Would it be fair to say that nobody quite knew what to expect when Greta Gerwig’s Barbie hit theaters in July? We’d all seen and made note of its Kubrickian first teaser trailer—released all the way back in December 2022—and endured a lengthy press tour that involved a lot of pink, plus Ryan Gosling saying things like, “I’ve had this Kenergy, if you will. And this Kenergy is alive in me now.” As it turned out, Barbie had all of those flavors and more: something for the film nerds (Gerwig has cited The Wizard of Oz and Jacques Demy’s The Umbrellas of Cherbourg as other inspirations), for lovers of campy absurdism, for die-hard Barbie apologists, and for the feminists who have always found the doll problematic. Also mixed in are genuinely moving performances from Margot Robbie and America Ferrera, and very funny turns from Gosling, Kate McKinnon, Issa Rae, Simu Liu, and Michael Cera. (More of him in everything, please!) By God, Gerwig pulled it off—and with more than $1 billion in global box-office receipts to show for it. —M.M.

Oppenheimer

Even when factoring in the Barbenheimer effect, the box-office stats for Christopher Nolan’s Oppenheimer are staggering: The film has now made over $600 million worldwide, an extraordinary feat for a three-hour-long biographical drama based on a historical figure. But perhaps the most cheering fact is that audiences have been flocking to see a film that—despite what many expected, given the subject matter and director—focuses less on spectacle and more on the moral ambiguities and psychological torment of its central character. (The fact that Nolan and lead actor Cillian Murphy, who is all but a shoo-in for a nod at next year’s Oscars, manage to make this intimate character study as gripping as any thriller is astonishing in and of itself.) Every element of Oppenheimer—the accomplished performances of its ensemble cast, the puzzle pieces of alternating timelines woven together by editor Jennifer Lame, the chilling soundtrack by Ludwig Göransson, the exhaustive scrutiny of Hoyte van Hoytema’s camera as it charts every inflection of Murphy’s face—is as perfectly calibrated and delicately complex as the nuclear bomb itself.
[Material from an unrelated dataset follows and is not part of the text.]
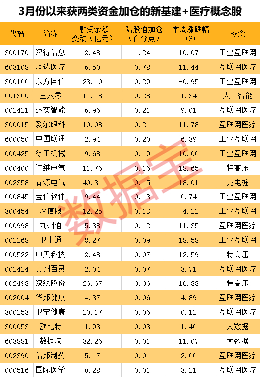 证券时报·数据宝统计显示,3月份以来新基建和互联网医疗板块中有23股获北上资金和港股资金同时加仓,其中互联网医疗板块有9股。
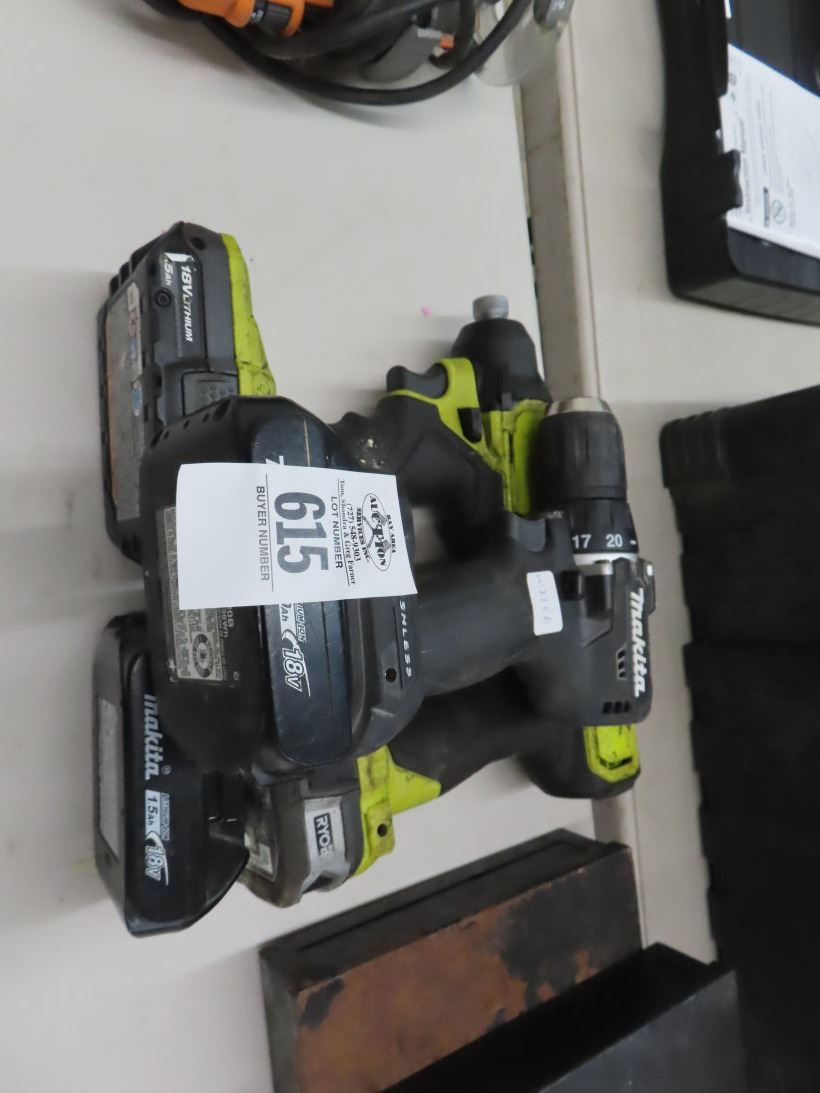 Makita/Ryobi Cordless Drill w/4 Batteries - (No Charger)

It’s a rare and welcome example of a director at the top of his game meeting deserved box office success, and warrants every accolade it will receive come awards season. —L.H.

Talk to Me

There may not be many new ideas in horror, but the fleet, fun, and unbearably tense Talk to Me reminds you that it hardly matters. This is a demonic possession story with a hook: a group of Australian kids film and post themselves while in the grip (literally, they use an embalmed hand) of spirits, and it becomes a social media craze. The metaphor is both obvious and brilliant—possession as narcotic, as party drug. But Mia (Sophie Wilde), who is mourning her mother, takes it too far and becomes perhaps perma-possessed. The talented directors, siblings Danny and Michael Philippou, know how to deliver shocks and keep a sometimes shaky story moving. Talk to Me is both a blast and 90 thoroughly draining minutes. —T.A.

Theater Camp 

This hilarious and winning mockumentary about a theater camp for drama kids in the Adirondacks pays homage to classic Christopher Guest movies like Waiting for Guffman and Best in Show. Directed by Molly Gordon and Nick Lieberman, it’s a 90-minute charmer with warmhearted and hilarious jokes about the self-dramatizing theater types who staff Camp AdirondACTS and the young kids who worship them. Gordon and Ben Platt as counselors are standouts in the ensemble cast, and Jimmy Tatro is uproarious as the renegade, hopelessly bro-ish camp director. —T.A.

August

Passages

Ira Sachs (Love Is Strange, Little Men) crafted one of the hottest and most layered romantic dramas of the year with Passages, about a filmmaker, Tomas (Franz Rogowski), who—much to the chagrin of his long-suffering husband, Martin (Ben Whishaw)—takes up with a schoolteacher, Agathe (Adèle Exarchopoulos) after a messy night out…only to come miserably slinking back when Martin begins an affair of his own. Reckless intimacy and emotional manipulation come to a head in this seductive three-hander. —M.M.

September

Fair Play

Fair Play crosses the throwback erotic-thriller vibes of classic Adrian Lyne movies like Fatal Attraction with the chilly, high-stakes finance maneuverings of recent shows like Billions and Industry. A young Manhattan couple, Luke (Alden Ehrenreich) and Emily (Phoebe Dynevor), work at the same hedge fund, even as they carry on a secret love affair. They can’t keep their hands off each other; Luke proposes, and wedding plans are set. Then Emily gets the promotion that Luke was expecting at work, and the power balance between them is upended. Fair Play is well-paced and provocative on ideas about gender and ambition and ego. It’s also edgy and angry and a little bit salacious. —T.A.

October

Anatomy of a Fall

Undoubtedly the best courtroom drama I’ve seen since…A Few Good Men? The Verdict? Hollywood comparisons don’t apply to this fascinating, subtle, and extremely French study of culpability and marriage and just possibly murder. In an isolated alpine chalet in France, the husband of a novelist is found dead from a fall. His wife, Sandra, played magnificently by the German actor Sandra Hüller, is immediately under suspicion, claiming to have been asleep when it happened. The two had had vicious fights over emotional issues (their son was left blind after an accident) and jealousy (both are writers, though only she is published). The fissures of their marriage come to light in a trial in which a prosecutor is vicious in his attempt to pin a guilty verdict to Sandra, even as she seeks to give a ruthlessly honest account of a relationship that had spun out of control. The stakes climb inexorably higher to the intensely moving end. —T.A.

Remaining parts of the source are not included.